Java is a modern language that came up around the early Unicode era (in the beginning of the 90s), so it supports Unicode by default as a first class citizen like many new contemporary languages (like Python, Visual Basic or JavaScript...), OSes (Windows, Symbian, BREW...) and frameworks/interfaces/specifications... (like Qt, NTFS, Joliet). By the time those were designed, Unicode was a fixed 16-bit charset encoded in UCS-2, so it made sense for them to use 16-bit values for the characters
In contrast C is an "ancient" language that was invented decades before Java, when Unicode was far from a thing. That's the age of 7-bit ASCII and 8-bit EBCDIC, thus C uses 8-bit char1 as that's enough for a char variable to contain all basic characters. When coming to the Unicode times, to refrain from breaking old code they decided to introduce a different character type to C90 which is wchar_t. Again this is the 90s when Unicode began its life. In any cases char must continue to have the old size because you still need to access individual bytes even if you use wider characters (Java has a separate byte type for this purpose)
Of course later the Unicode Consortium quickly realized that 16 bits are not enough and must fix it somehow. They widened the code-point range by changing UCS-2 to UTF-16 to avoid breaking old code that uses wide char and have Unicode as a 21-bit charset (actually up to U+10FFFF instead of U+1FFFFF because of UTF-16). Unfortunately it was too late and the old implementations that use 16-bit char got stuck
Later we saw the advent of UTF-8, which proved to be far superior to UTF-16 because it's independent of endianness, generally takes up less space, and most importantly it requires no changes in the standard C string functions. Most user functions that receive a char* will continue to work without special Unicode support
Unix systems are lucky because they migrate to Unicode later when UTF-8 was introduced, therefore continue to use 8-bit char. OTOH all modern Win32 APIs work on 16-bit wchar_t by default because Windows was also an early adopter of Unicode. As a result .NET framework and C# also go the same way by having char as a 16-bit type.

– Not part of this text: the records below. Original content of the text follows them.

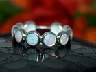 PRODUCT DESCRIPTION Opal Wedding Band Round Cut Full Eternity Band Opal Ring Gemstone Bridal Ring. Specification: Stone Name- White Opal Stone Creation - Lab Gown Ethiopian Opal Stone Size - 3 mm Stone Shape Round Shape Stone Cut - Cabochon Stone Color- White Birthstone Month- October Metal- 925 Sterling Silver Finished With Rhodium Method- Cast Personalization- Possible Occasion- Engagement Stone Style- Vintage Band Ring Size: We make rings from US 4 to US 16. (If you need smaller or bigger ring size, please ask me to resize) Country of Manufacture: India PAYMENT METHODS We accept Payoneer and the rest other modes of payment are also accepted. It is easy and safe for you to pay by credit cards, debit cards, bank transfers, and Payoneer account balances. Payment should be made within 2 days after the winning of the item. SHIPPING POLICY US shipping - Free Shipping International-Free Shipping Each item is individually packed securely with quality products to help ensure safe and undamaged delivery. We ship within 1 business day after payment is received. Delivery is generally within 10-15 days worldwide after shipping. In rare cases, it makes take up to 2-3 weeks for delivery depending upon the destinations and customs regulations in your country. All packages have a duly filled customs declaration form to avoid any delay in customs. RETURN POLICY Your satisfaction is of the utmost concern to us. Should you need to return an item, you can do so within 30 days of receipt of the item for a full refund. Return shipping charges are not reimbursable. All items must be in their original condition, not worn or altered. Please contact us if you would like to initiate a return, so that we may guide you through the process. We can be reached through the "Ask a Question" link on the listings. FEEDBACK We strive for 100% Customer Satisfaction and we always leave positive feedback to our buyers. Please help us maintain our business and give us a 5-Star rating. If you still think that you still can?t leave a 5-Star across the Board, please email us or call us and we assure you that your issue will be resolved immediately. We believe in solving the issues. Positive feedback represents our service, product quality, and dedication to customer satisfaction. Our future business depends on your satisfaction or positive feedback with a "5-star rating". Thank you !!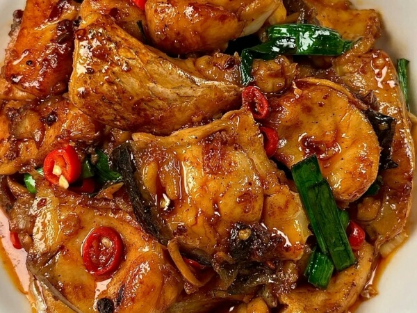 2、起锅烧油,油热后放入草鱼块煮一会儿,煎至表面金黄,就放入姜丝、小米辣、豆瓣酱、老干妈、蚝油、生抽、啤酒和适量清水没过食材,焖煮十分钟。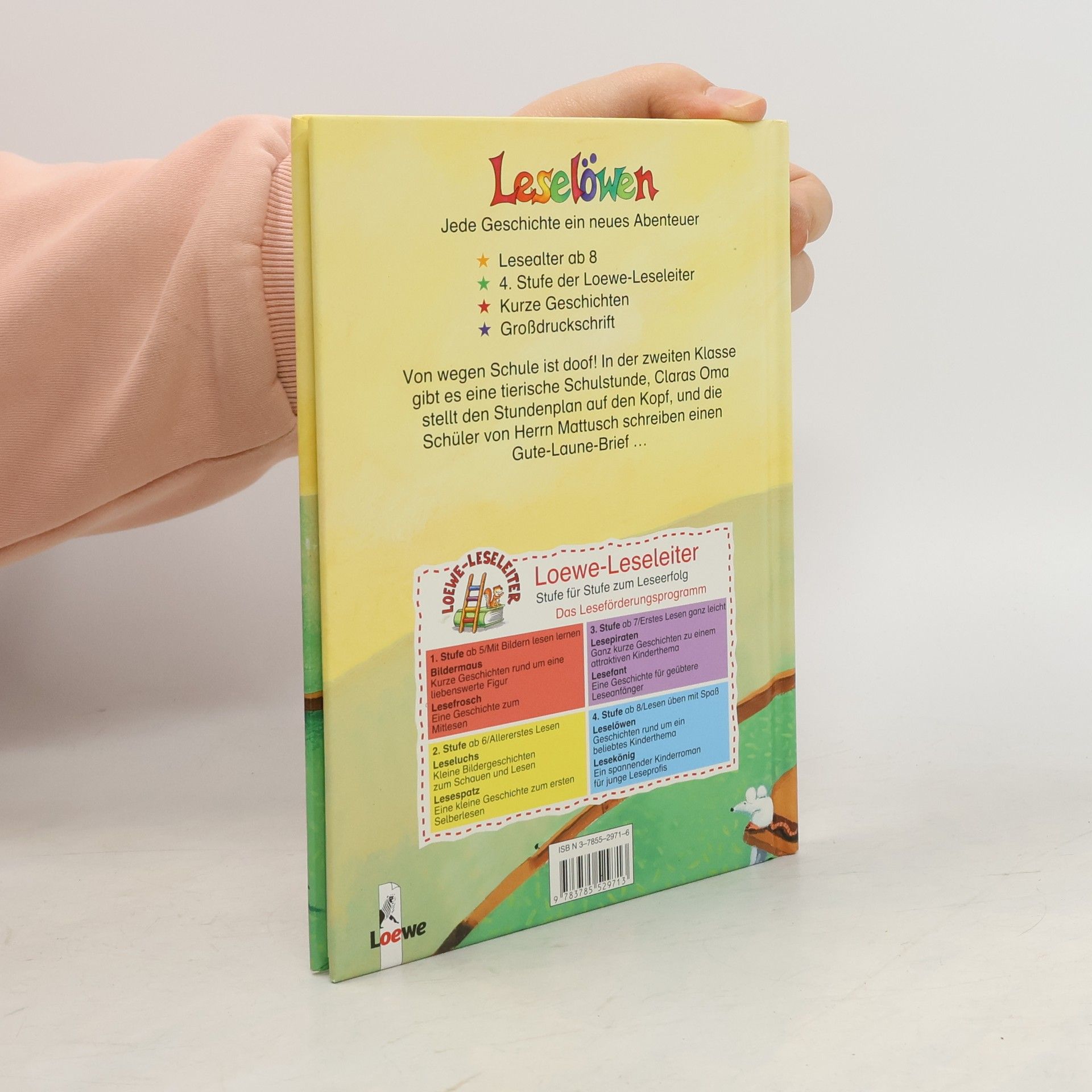 Lesealter ab 8 4. Stufe der Loewe-Leseleiter Kurze Geschichten Großdruckschrift Von wegen Schule ist doof! In der zweiten Klasse gibt es eine tierische Schulstunde, Claras Oma stellt den Stundenplan auf den Kopf und die Schüler von Herrn Mattusch schreiben einen Gute-Laune-Brief.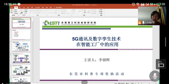 2020年10月20号晚,在东莞市科学技术协会、东莞理工学院的支持与指导下,我院通过腾讯会议举办了“5G通讯及数字孪生技术在智能工厂中的应用”线上讲座。本次讲座,邀请现任广东省智能机器人研究院工业大数据中心李朝晖副主任作为主讲人。李朝辉是武汉创景可视技术有限公司创始人、董事长,智能智能制造资深专家,自主可控工业软件践行者,国内“数字孪生系统”研发与应用推广的发起人之一。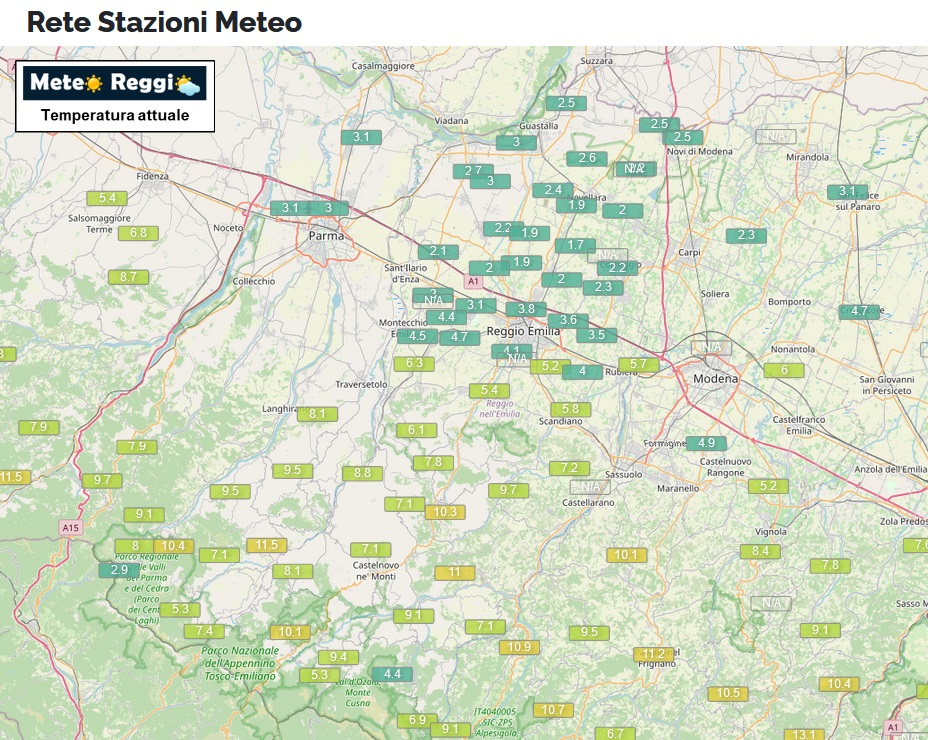 3,8°C a Reggio nell'Emilia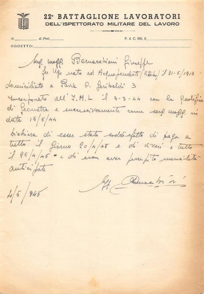 Clearly Paladino also wrote a letter to Farina: “ You must however convince yourself that is is not the fault of this I.M.L. if the labourers, compared with the 22,50 lire a day given to your fighting forces, earn 102 lire. This remuneration was fixed in a meeting between the Italians and the Germans, set up to examine the situation in which all the workers in the Social Republic found themselves and called by me, because the other organisations award higher wages than those given to my workers.” Paladino continued by asking Farina if he had any faith in his battalion or if it should be withdrawn.15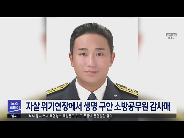 자살 위기현장에서 생명을 구한 구좌119센터 이은상 소방사가 제주도광역정신건강복지센터로부터 감사패를 받았습니다. 올해 임용된 새내기 소방공무원인 이은상 소방사는 지난 6월 자살기도 신고를 받고 출동한 뒤 환자를 설득해 극단적 선택을 막고 의료기관에서 치료를 받도록 했습니다.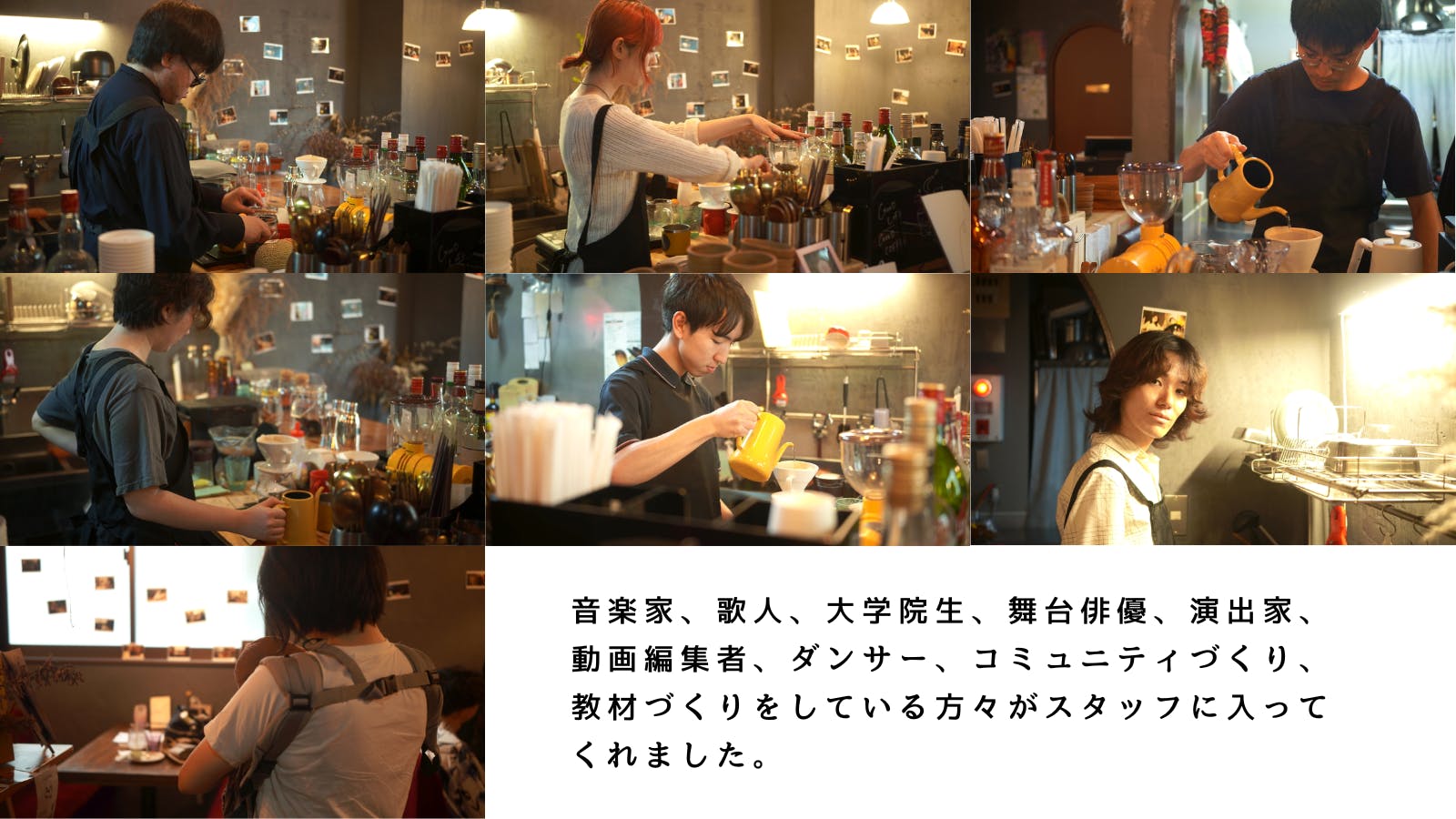 「まるごとのあなたで」をコンセプトに、「居場所づくり」と表現活動にふれられる「文化的な場づくり」を行っています。お客様が一息つきたいときは寄り添い、知らない世界にふれたいときはお供する。隠れ家でありながら何気ない瞬間がドラマチックに感じられるお店を目指しています。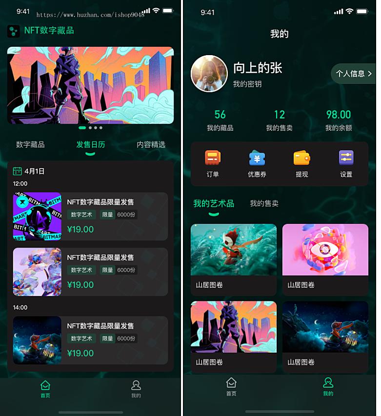 NFT数字艺术数字藏品小程序APP源码元宇宙区块链赚钱nft,编译后的前端。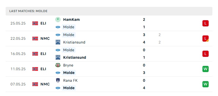 - Phong độ gần đây Molde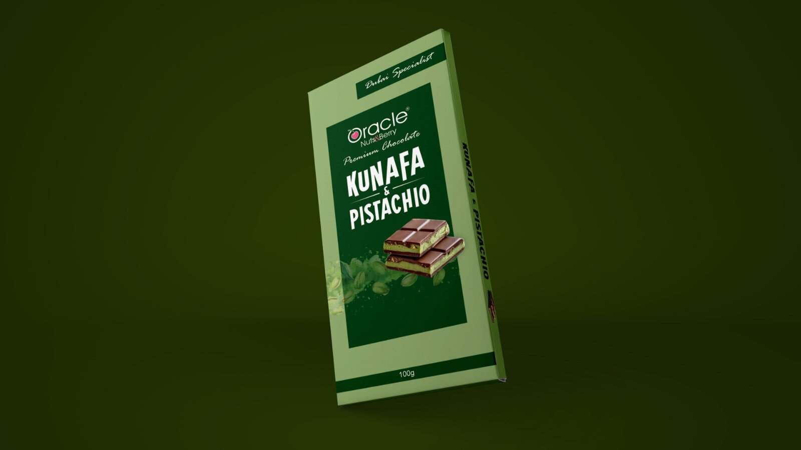Oracle Nuts & Berry Premium Dubai Pistachios Kunafa Bar Chocolate 100gm – Rich Pistachio Kunafa Filling in Smooth Chocolate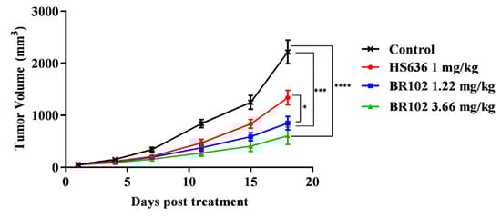 3.5. BR102 Treatment Inhibits Tumor Growth In Vivo
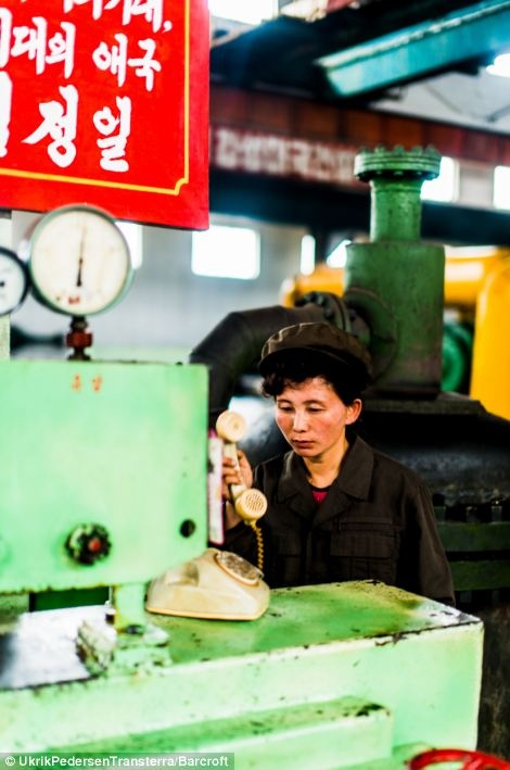 | Một công nhân nữ trong nhà máy sản xuất phân bón ở Hamhung sử dụng điện thoại rất cũ. |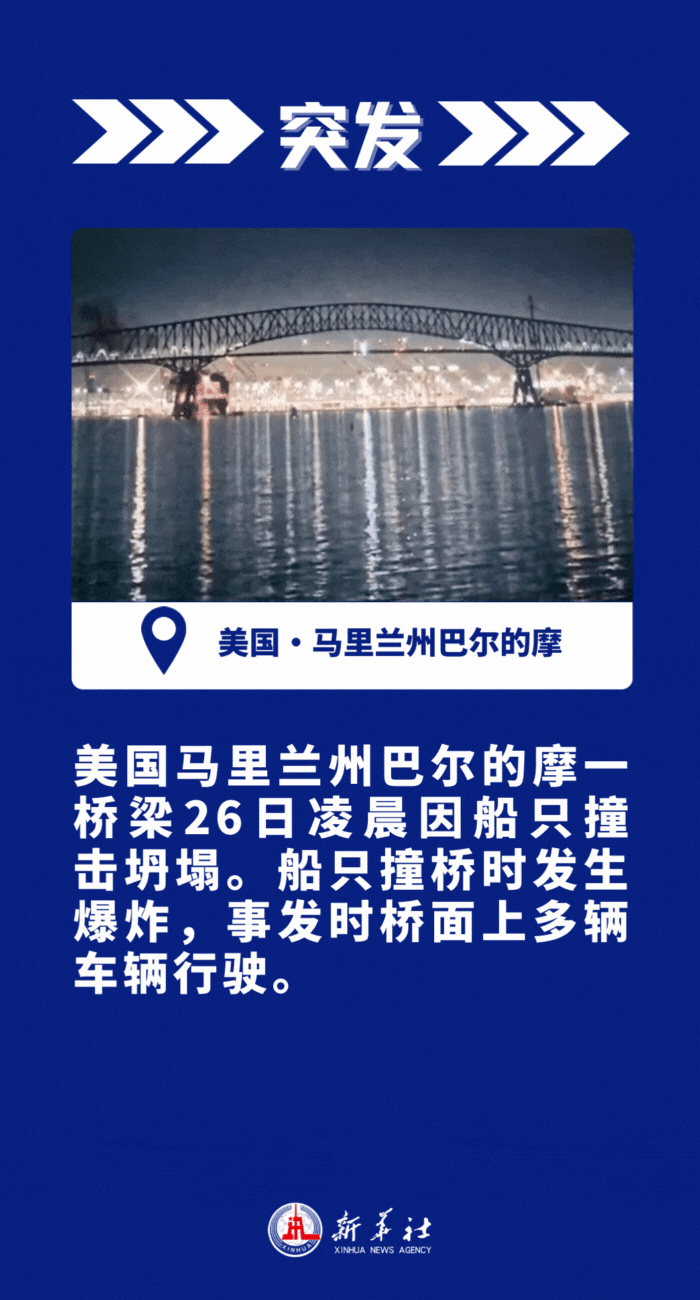 据报道,事发时,一艘货船撞上巴尔的摩“弗朗西斯·斯科特·基”桥,这座长约2.6公里的桥随后坍塌。船只撞桥时发生爆炸,事发时桥面上多辆车辆行驶。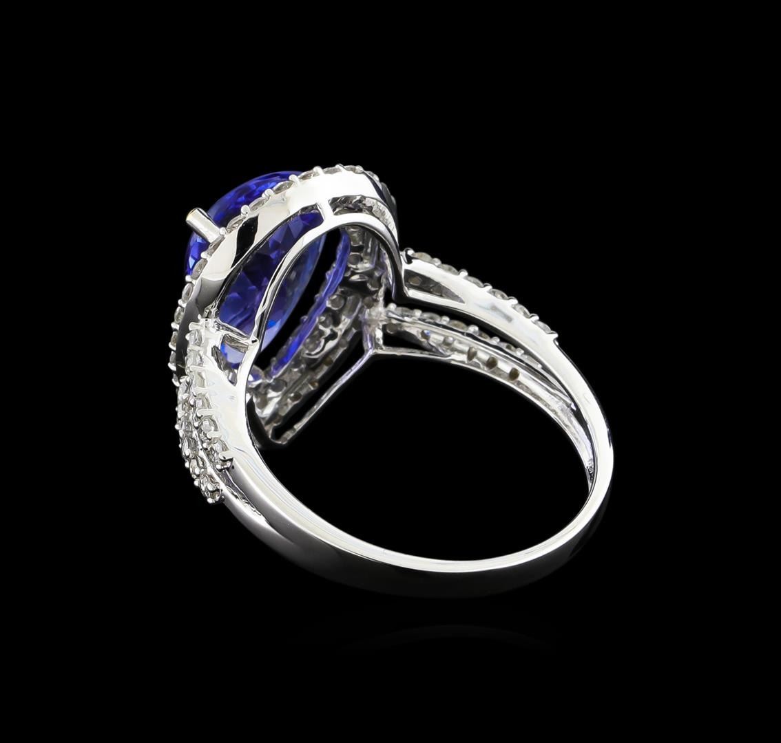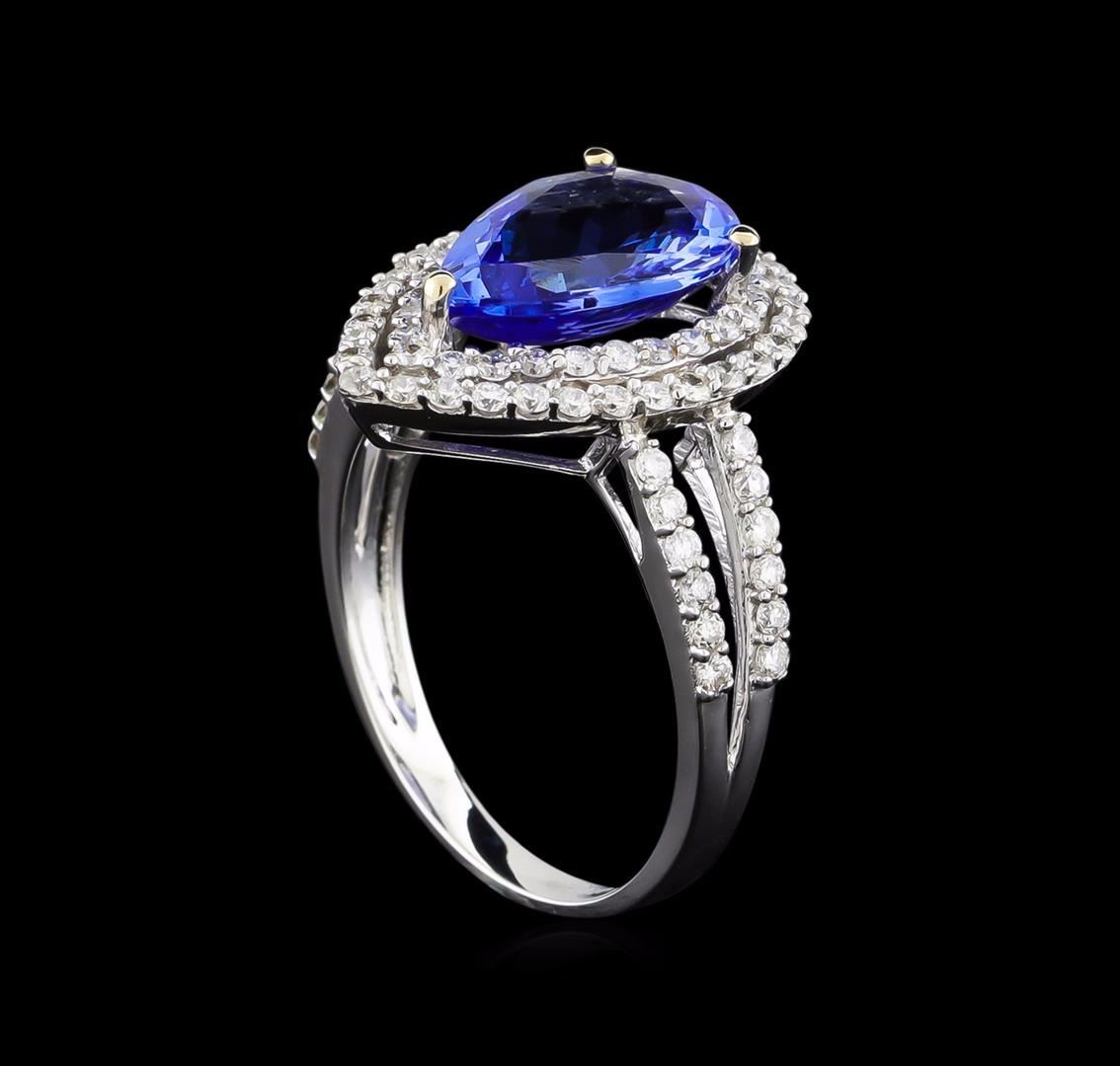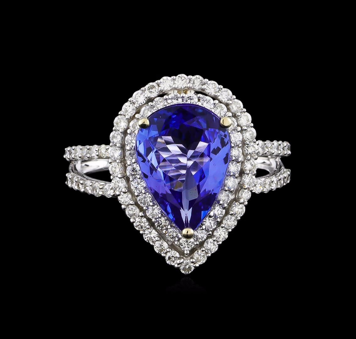 One electronically tested 14KT white gold ladies combination cast & assembled tanzanite and diamond ring with a split shank with a bright polish finish. Identified with markings of "14K". Condition is new. Containing: One prong set pear modified brilliant cut natural tanzanite, measuring 12.00 x 8.65 x 4.33mm, approximate weight of 3.01ct., clarity is eye clean, type I, medium, very slightly grayish, violet color, (GIA V 5/3), cut is good. Eighty-One prong set round brilliant cut diamonds, measuring 1.30 - 1.30 x 0.78mm (depth est.) approximate total weight of 81 Stones = 0.65ct. Clarity: I-1 to I-2. Color: I - J, Cut is Good. Colored gemstones are presumed to have been subjected to commonly used enhancement processes. All diamonds and colored gemstones are graded in the mounting, unless otherwise stated. Total Weight of Colored Stones 3.01ct. Total Weight of Diamonds 0.65ct. Total Weight of Ring 4.20 grams. GGL Appraised at $6,595.00.

Talking about wchar_t, it was so unportable that both C and C++ standards needed to introduce the new character types char16_t and char32_t in their 2011 revisions
Both C and C++ introduced fixed-size character types
char16_tandchar32_tin the 2011 revisions of their respective standards to provide unambiguous representation of 16-bit and 32-bit Unicode transformation formats, leaving wchar_t implementation-definedhttps://en.wikipedia.org/wiki/Wide_character#Programming_specifics
That said, most implementations are working on improving the wide string situation. Java experimented with compressed string in Java 6 and introduced compact strings in Java 9. Python is moving to a more flexible internal representation compared to wchar_t* in Python before 3.3. Firefox and Chrome have separate internal 8-bit char representations for simple strings. There are also discussions on that for .NET framework. And more recently Windows is gradually introducing UTF-8 support for the old ANSI APIs
1 Strictly speaking char in C is only required to have at least 8 bits. See What platforms have something other than 8-bit char?